PGAP

Description

The NCBI Prokaryotic Genome Annotation Pipeline is designed to annotate bacterial and archaeal genomes (chromosomes and plasmids). Genome annotation is a multi-level process that includes prediction of protein-coding genes, as well as other functional genome units such as structural RNAs, tRNAs, small RNAs and pseudogenes. NCBI has developed an automatic prokaryotic genome annotation pipeline that combines ab initio gene prediction algorithms with homology based methods. The first version of NCBI Prokaryotic Genome Pipeline was developed in 2001 and is regularly upgraded to improve structural and functional annotation quality (Li W, O'Neill KR et al 2021).

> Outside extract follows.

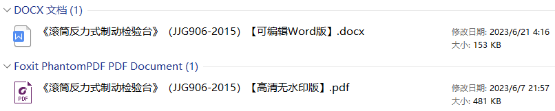 《滚筒反力式制动检验台》(JJG906-2015)【国家计量检定规程】【全文附高清无水印PDF版+DOC/Word版下载】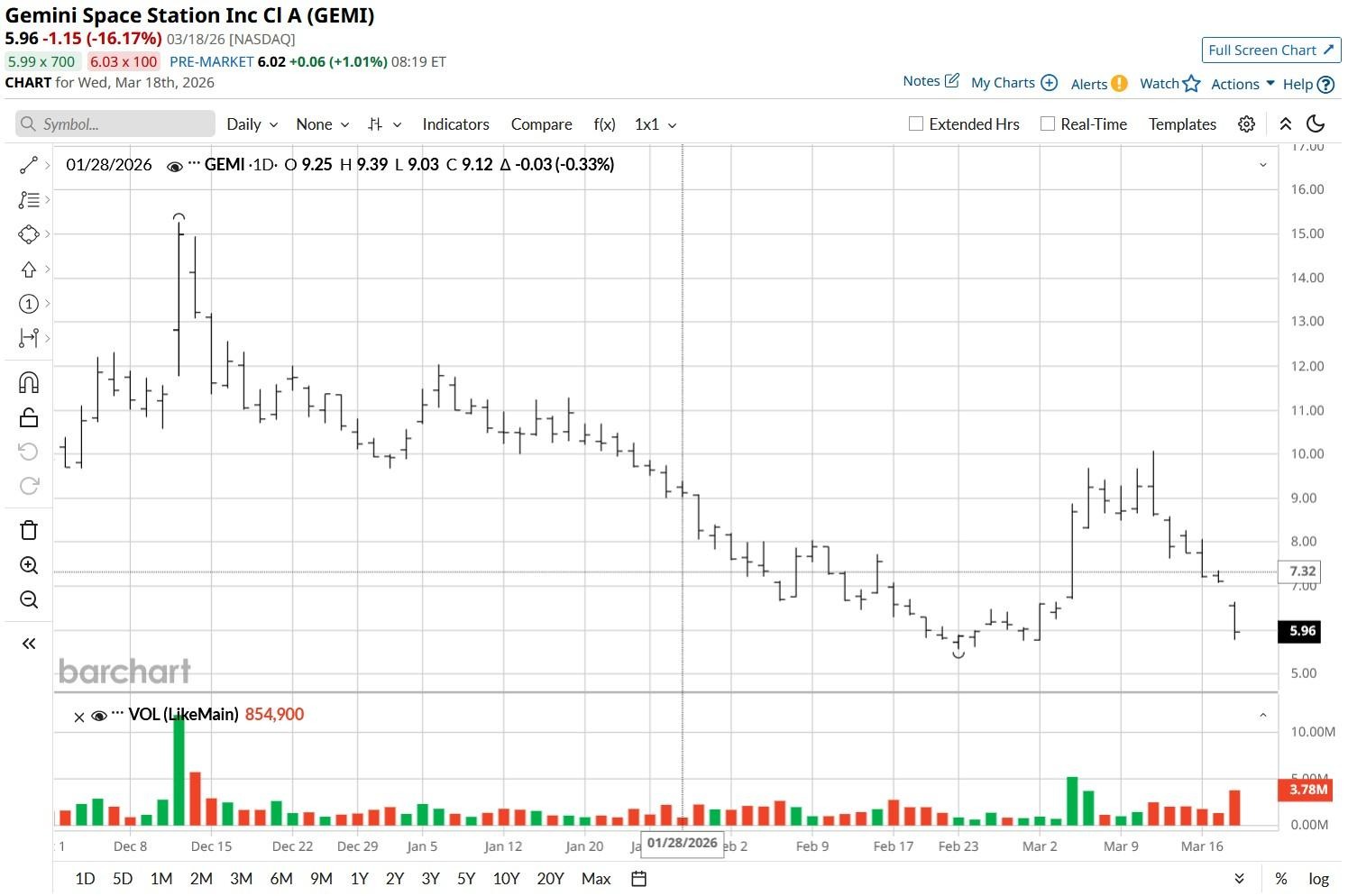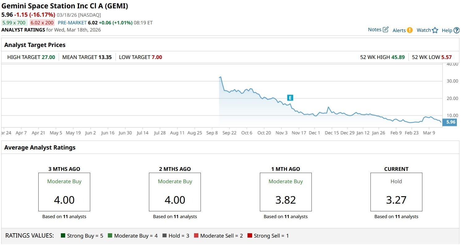 Gemini Space Station (GEMI) shares crashed on March 18 after Citi analysts downgraded the crypto exchange to “Sell” and lowered their price target to $5.50, indicating more than 20% downside from their previous close.

Recent improvements include utilization of curated protein profile hidden Markov models (HMMs), and curated complex domain architectures for functional annotation of proteins and annotation of Enzyme Commission numbers and Gene Ontology terms.

Environment Modules

Run module spider pgap to find out what environment modules are available for this application.

System Variables

HPC_PGAP_DIR - installation directory
HPC_PGAP_BIN - executable directory

Additional Information

The PGAP module provides a wrapper function ("pgap.py") to fine tune usage in HPG. This means that you should just use "pgap.py ..." without a path when running the command. See the Job Scripts page below for an example.

Job Script Examples

See the PGAP_Job_Scripts page for PGAP Job script examples.

Citation

Please cite NCBI in any work or product based on this material.